The value of digitalisation is often measured by a simple question: can information move seamlessly between vessel, port, authority and service provider?

That question was at the heart of a recent industry workshop convened by BIMCO in collaboration with ITS Norway and the DYNAPORT project. Held in Copenhagen, the two-day event brought together 45 representatives from shipping companies, ports, authorities and technology providers to examine how the maritime sector can improve interoperability between ship and shore systems.

While discussions around maritime digitalisation have often focused on new technologies, participants agreed that the industry’s main obstacle is now implementation.

According to workshop participants, substantial progress has already been made in defining standards, frameworks and data structures. The remaining task is ensuring those standards are applied consistently across regions, organisations and digital platforms.

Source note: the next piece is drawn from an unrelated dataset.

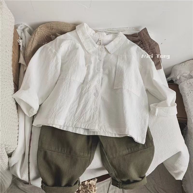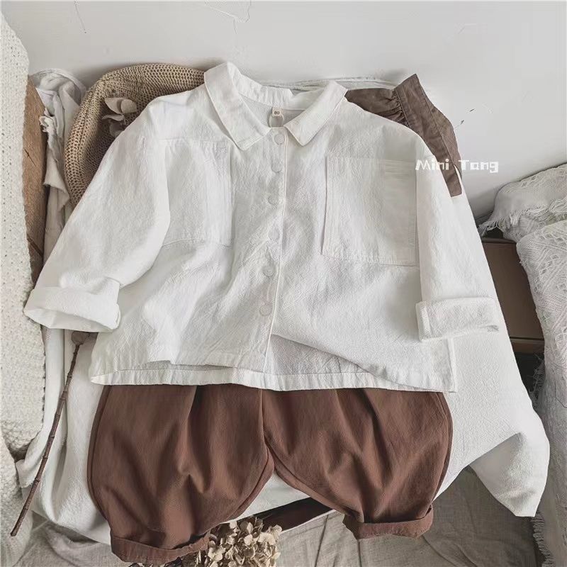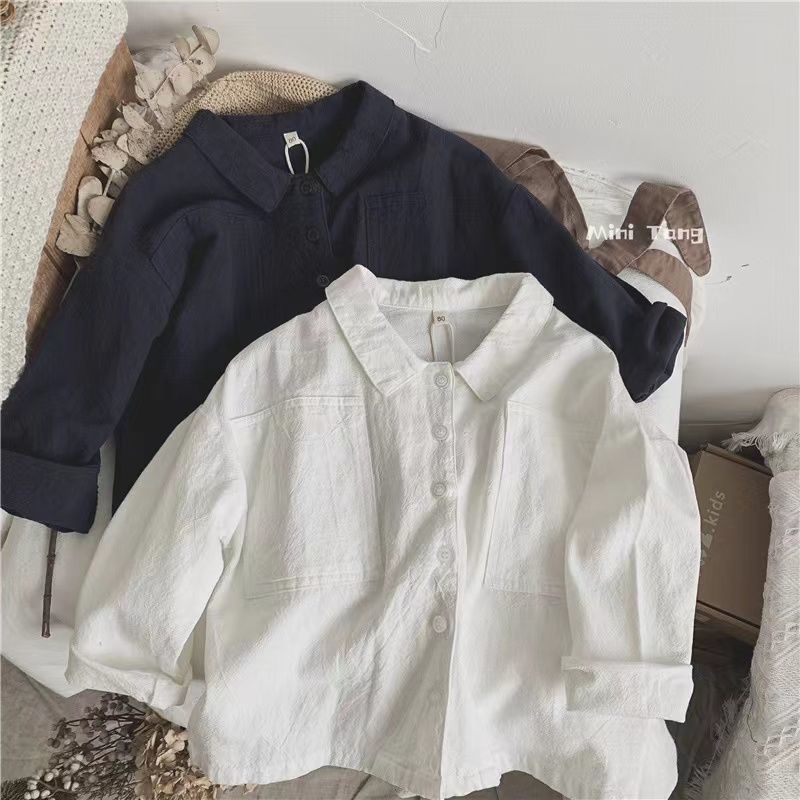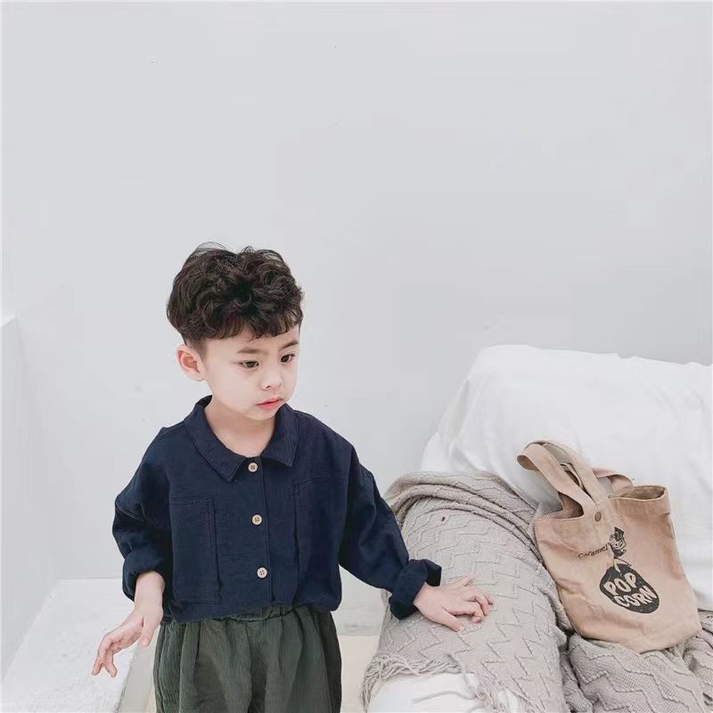 봄과 가을 새로운 어린이 캐주얼 셔츠 느슨한 일본식 재킷 소년과 소녀를위한 잘 생기고 다재다능한 어린이 면화 및 린넨 셔츠 유행

One area of broad agreement was the role of the IMO Compendium. Participants viewed it as the industry’s primary semantic reference, providing common definitions and terminology that allow different stakeholders to speak the same digital language. However, they also agreed that the Compendium is not intended to function as a technical blueprint for system integration.

The workshop also found growing support for federated digital architectures. Rather than building a single centralised platform, stakeholders favoured approaches that allow existing systems to exchange information while retaining operational flexibility and avoiding costly system replacement programmes.

Trust was identified as another critical requirement. Participants noted that large-scale international data exchange requires robust frameworks covering identity, authentication and governance across multiple jurisdictions.

Digitalisation projects often struggle when vessels, ports and service providers use different interpretations of the same information. The workshop concluded that greater consistency will come through shared implementation principles rather than additional standards.

To support that effort, participants backed the development of a principle-based industry declaration known as the “Golden Rules for Maritime Digitalisation”, intended to provide practical guidance for organisations seeking to turn digital ambitions into operational reality.